Their Presbyterian pastors had no satisfactory answers for the questions Tom was asking, so Jessica started doing her own research, hoping to find arguments to keep Tom Protestant.

“I had no intention of following him” toward Catholicism, she said, or of letting their young children be influenced by Catholicism. The growing theological rift was starting to strain their marriage.

Emotional hurdles
As Jessica studied, though, “I pretty much had to come to all the same conclusions that Tom did,” she said.

But conversion isn’t solely an intellectual exercise.

“I had such a negative view of Catholics because most Catholics I knew really didn’t have a clue what they believed,” Jessica said.
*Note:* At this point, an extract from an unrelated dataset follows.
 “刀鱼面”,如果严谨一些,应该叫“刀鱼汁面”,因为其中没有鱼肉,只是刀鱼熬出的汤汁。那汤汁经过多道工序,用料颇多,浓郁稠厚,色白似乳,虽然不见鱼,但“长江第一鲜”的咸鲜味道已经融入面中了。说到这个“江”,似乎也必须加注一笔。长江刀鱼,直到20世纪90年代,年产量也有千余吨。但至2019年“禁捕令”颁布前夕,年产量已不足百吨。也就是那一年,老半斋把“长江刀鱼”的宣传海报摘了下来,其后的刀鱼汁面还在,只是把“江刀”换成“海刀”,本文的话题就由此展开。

She was afraid of leaving a warm, vibrant, faithful Protestant church for a Catholic parish where, she assumed, no one would care about or even know each other.

Besides, both Tom and Jessica dreaded how their families might react.

“My reasons for wanting to stay Protestant were largely emotional,” Jessica said. “It’s what my family was, what my parents are, and it’s not a nice thing to want to say to them, ‘What you gave to me is not what I want to have anymore.’”

‘Such a wonderful thing’
Nevertheless, both Tom and Jessica decided to join RCIA at Our Lady Star of the Sea Parish when they moved to Bremerton from Maryland last summer. To their delight, they found a warm and welcoming community of new friends there.

“Star of the Sea is such an alive parish,” Jessica said. The idea of ever becoming Catholic “started out as such a negative thing … but it became such a wonderful thing,” she added.

For the past year, Tom has been writing on a Website, Called to Communion, with 10 other Calvinist converts to Catholicism. The site has already played a part in several other people’s conversion to Catholicism, Tom said.

When Tom and Jessica are confirmed at the Easter Vigil, Tom’s old Navy buddy Dan will be on hand as his sponsor. And Tom can rest assured that their debates didn’t shake Dan’s Catholic faith — he’s now known as Brother Daniel Vitz of the Institute of the Incarnate Word.

To their delight, they found a warm and welcoming community of new friends.